There is a basic problem with "holes", though -- when you map individual
(discrete) points to a sphere, some points on the sphere won't be covered.
Moreover, when you map from the sphere down to 2d, chances are that some
points will get skipped on the screen. And so on. One method is to use
a very fine grid in 3d, but this is obviously very inefficient.
The ideal situation would be to project only those points which need
projecting. This leads naturally to the idea of starting with the
_projected point_ and working backwards to figure out where it lies on
the surface, and then figuring out which point in the original data set
corresponds to that point on the surface.
That is: instead of starting with the data, projecting it onto the surface,
and then projecting that surface from R3 to R2 to get a pixel on the
computer, we do exactly the opposite: start with the pixel on the computer,
trace it backwards onto the surface, and trace that backwards onto the
original data set. This way, we only use the points that we need.
Projecting from 3D into 2D amounts to drawing a line from the original
point (x0,y0,z0) through the origin (0,0,0) and figuring out where it
intersects a plane located at z=d (the plane is the computer screen):
t*(x,y,z) = (x0,y0,d)
this tells us that t=d/z, which gives the classic projection equations:
x0 = d * x/z, y0 = d * y/z
i.e. divide by the z-coordinate and multiply by a magnification factor.
Now the idea is to do exactly the opposite: starting from a point (x0,y0,d),
we start drawing a line through the origin
(x,y,z) = t*(x0,y0,d) (line)
and figure out where that line intersects the surface. The equation of
a general 3D surface is
f(x,y,z) = 0
For example, a sphere has the equation
f(x,y,z) = x^2 + y^2 + z^2 - r^2 (sphere)
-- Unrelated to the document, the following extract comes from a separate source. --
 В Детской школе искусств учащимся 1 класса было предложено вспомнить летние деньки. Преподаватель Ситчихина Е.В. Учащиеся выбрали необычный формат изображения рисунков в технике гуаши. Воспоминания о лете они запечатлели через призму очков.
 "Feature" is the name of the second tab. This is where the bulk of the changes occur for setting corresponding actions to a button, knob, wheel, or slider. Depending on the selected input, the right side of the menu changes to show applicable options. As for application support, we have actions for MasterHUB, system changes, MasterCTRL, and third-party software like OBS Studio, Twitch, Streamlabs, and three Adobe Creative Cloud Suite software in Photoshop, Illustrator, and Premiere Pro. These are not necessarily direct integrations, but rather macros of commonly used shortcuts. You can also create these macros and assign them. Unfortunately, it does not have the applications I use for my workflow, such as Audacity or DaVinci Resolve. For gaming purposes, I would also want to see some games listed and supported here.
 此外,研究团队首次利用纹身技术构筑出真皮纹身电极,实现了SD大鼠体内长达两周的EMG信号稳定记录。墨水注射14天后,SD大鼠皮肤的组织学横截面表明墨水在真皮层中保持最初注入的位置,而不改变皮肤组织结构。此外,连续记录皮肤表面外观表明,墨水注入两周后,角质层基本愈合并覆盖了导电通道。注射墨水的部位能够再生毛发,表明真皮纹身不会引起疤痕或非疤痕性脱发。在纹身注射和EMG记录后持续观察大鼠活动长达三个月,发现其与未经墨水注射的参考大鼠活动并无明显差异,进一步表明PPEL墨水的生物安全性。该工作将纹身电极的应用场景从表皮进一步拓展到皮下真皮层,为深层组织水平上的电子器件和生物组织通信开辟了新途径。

The solution to the problem amounts to figuring out a value of t which
satisfies both equations. Substituting from equation (line) above:
f(x,y,z) = (t*x0)^2 + (t*y0)^2 + (d*t)^2 - r^2
We need f(x,y,z)=0 -- factoring out a t^2, the above simplifies to
t^2 * (x0^2 + y0^2 + d^2) = r^2
=> t = r/sqrt(x0^2 + y0^2 + d^2)
This is the value of t which gives the intersection point of the line
with the surface. The x,y,z coordinates are given by equation (line) as:
x = t*x0, y = t*y0, z = t*d
In summary: to project a fractal to a sphere (of radius r) to the screen,
start with the screen coordinate (x0,y0,d) (d=mag factor), calcuate
t = r/sqrt(x0^2 + y0^2 + d^2),
x = t*x0,
y = t*y0
and then do the fractal iteration on (x,y) (or they might be the coordinates
of some picture data, etc.).
So, problems to be solved:
- Computing t is a real bitch! The following might work:
o Write it as t = r/(d*sqrt(1 + (x0/d)^2 + (y0/d)^2))
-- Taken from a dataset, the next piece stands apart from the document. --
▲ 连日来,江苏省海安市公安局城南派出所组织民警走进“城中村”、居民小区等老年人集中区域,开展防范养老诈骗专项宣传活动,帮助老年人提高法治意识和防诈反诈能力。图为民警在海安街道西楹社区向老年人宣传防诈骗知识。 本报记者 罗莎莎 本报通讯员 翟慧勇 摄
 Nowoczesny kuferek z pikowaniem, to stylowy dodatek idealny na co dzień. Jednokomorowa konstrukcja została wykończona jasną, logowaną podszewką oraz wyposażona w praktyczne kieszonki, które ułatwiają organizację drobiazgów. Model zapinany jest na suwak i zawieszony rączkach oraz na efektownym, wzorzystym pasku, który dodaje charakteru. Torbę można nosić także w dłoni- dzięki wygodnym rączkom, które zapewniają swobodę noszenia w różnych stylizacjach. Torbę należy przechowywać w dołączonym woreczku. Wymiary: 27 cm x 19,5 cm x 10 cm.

o Construct a table of squares: f(x) = c*(x/d)^2 (one table
for each value of d needed)
* c = constant = scale factor to retain accuracy!
o Construct a table of g(x) = r/(d*sqrt(1+x/c))
* Probably need both integer and remainder
That way you could
LDX X0
LDY Y0
CLC
LDA TABLEF,X ;f(x0)
ADC TABLEF,Y ;f(y0)
TAX
LDA TABLEG,X ;This is t
and then do a standard fast multiply on t and x0, etc. Hopefully
the above method will be accurate enough to work. Note that
d typically takes on values around 200, so x/d and y/d are usually
quite small numbers -- hence the need for the constant c above.
- The sphere equation above is centered at the origin. There are
actually two values of t, the + and - roots. Using the other
root of t will change the sign of both x and y.
- Moreover, a sphere centered off of the origin, or an arbitrary
surface, is much more difficult to handle. I think by being
sneaky though that it can be handled without too much difficulty,
although it would involve a second set of projections. Dunno.